Тяжелая и неприбыльная торговля в электричках казалась дурным сном. И десятидневное пребывание в доме отдыха тоже казалось сном, тревожным, предостерегающим, но все-таки сном. С каждым днем пребывание в рузских лесах отдалялось, забывались подробности, забывались лица, к которым он привык там, выветрился запах пороха из одежды.

Как-то встретился Евлентьеву один из отдыхающих, но ни он не сделал попытки подойти, ни тот, хотя оба узнали друг друга. Прошли мимо, обменявшись лишь еле заметными кивками. Оба уже вернулись к своим именам, а если бы и состоялся разговор, они не знали бы даже, как кого зовут.

Самохин позвонил, как и обещал, через неделю.

— Привет, старик! — воскликнул радостно. — Как поживаешь?

— Все лучше и лучше! — тоже с подъемом ответил Евлентьев.

— Повидаться бы, а?

— Всегда готов!

— Ты помнишь, где мы встречались последний раз?

— У меня об этом сохранились самые прекрасные воспоминания! — воскликнул Евлентьев, но, кроме деланного восторга, была, все-таки была в его голосе легкая, почти неуловимая нервозность. И ладонь, сжимающая трубку, чуть увлажнилась, и Анастасия замерла в дверях с широко раскрытыми глазами, и почувствовал Евлентьев, как сердце его несколько раз тяжело ткнулось в ребра.

— Увидимся через полчаса, — сказал Самохин и повесил трубку автомата на железный раздвоенный рычаг в подземном переходе у Савеловского вокзала.

Евлентьев положил трубку, осторожно вдавив внутрь аппарата блестящие кнопочки.

Да, уже шел май.

Деревья на улице Правды покрылись зеленью, просохла земля, исчезла слякоть.

Руководство банков, озабоченное собственным престижем, следило за порядком.

Нанятые дворники подметали улицу, вскапывали газоны, высаживали деревца взамен сломанных, вырванных с корнем, вывороченных из земли во время постоянных разборок местного подрастающего поколения. Впрочем, с появлением вооруженных охранников, броневиков с деньгами, телохранителей с литыми затылками разборки переместились в глубинные дворы, а улица Правды постепенно принимала свой прежний вид, когда самое большое издательство страны выпускало здесь самые известные газеты и журналы, определявшие умонастроение сотен миллионов людей.

Теперь их умонастроение определяли банки, которые в считанные месяцы возвели здесь свои небоскребы и запрудили проезд броневиками и охранниками.

Мусорные ящики, мимо которых постоянно приходилось проходить Евлентьеву, тоже приобрели вид если и не чистоплотный, то хотя бы терпимый — вывезли завалы мокрой бумаги, подгнивших пакетов, тряпья, строительный мусор, оставшийся после ремонта квартир.

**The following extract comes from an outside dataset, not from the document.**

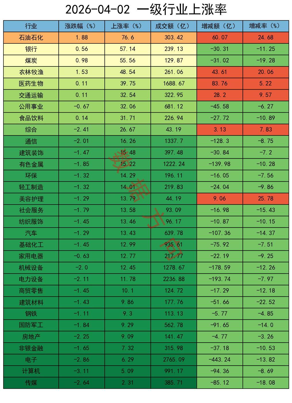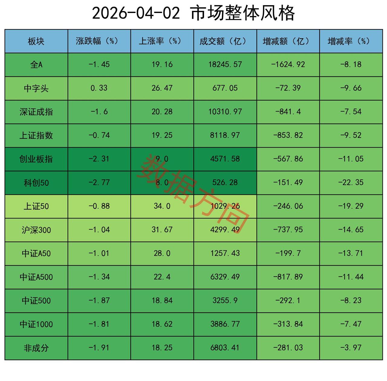 大盘低开低走、震荡下行,全A指数跌幅1.45%,仅有石油石化、农林牧渔、煤炭、银行等少数行业逆市上涨,其他行业多数下跌,个股上涨率为19%,成交额只剩1.8万亿,大幅缩减8%。

В общем, прибрали, чище стало.

Однако эти счастливые перемены нисколько не утешали Евлентьева, более того, не видел он этого весеннего великолепия, а если и шел с высоко поднятой головой, сунув руки в карманы, в легких кожаных мокасинах, купленных неделю назад, то все это была видимость, только видимость. Внутри у него что-то поскуливало, попискивало жалобно и тоскливо. Чувствовал Евлентьев, что рано или поздно придет время расплачиваться за самохинские щедроты.

Вот оно и пришло.

Самохин сидел в задрипанном своем «жигуленке», обхватив руль руками и положив на него голову. Печальная у него была поза, если не сказать убитая.

Когда Евлентьев уже сел на сиденье рядом, когда он, поерзав, нашел удобную позу, Самохин все еще сидел с опущенной головой.

— Что-то, я смотрю, разморило тебя весеннее тепло? — спросил Евлентьев, стараясь придать голосу если не игривость, то хотя бы уверенность. — Сломило добра молодца?

— Сломило, старик... Меня так сломило, что не знаю, разогнусь ли когда-нибудь, — Самохин поднял голову, и Евлентьев увидел в его глазах неподдельную загнанность, если не беспомощность.

— Что-то случилось?

— Да, кое-что произошло...

— Давай не тяни, — Евлентьев еще поерзал на сиденье, словно знал, что сейчас последует удар, от которого он может и не усидеть.

— Хорошо, — Самохин распрямился, взглянул вперед твердо и жестко, чуть вскинув подбородок, как бы мужаясь, как бы набираясь решимости для слов суровых и горестных. — Положение плохое... Мой банк на грани разорения. Выхода не вижу.

Есть, правда, одна возможность, но она за пределами законодательства.

— Так, — крякнул Евлентьев. — Ты меня, конечно, Гена, извини, но я ни фига не понял. Что случилось? Тебя ограбили?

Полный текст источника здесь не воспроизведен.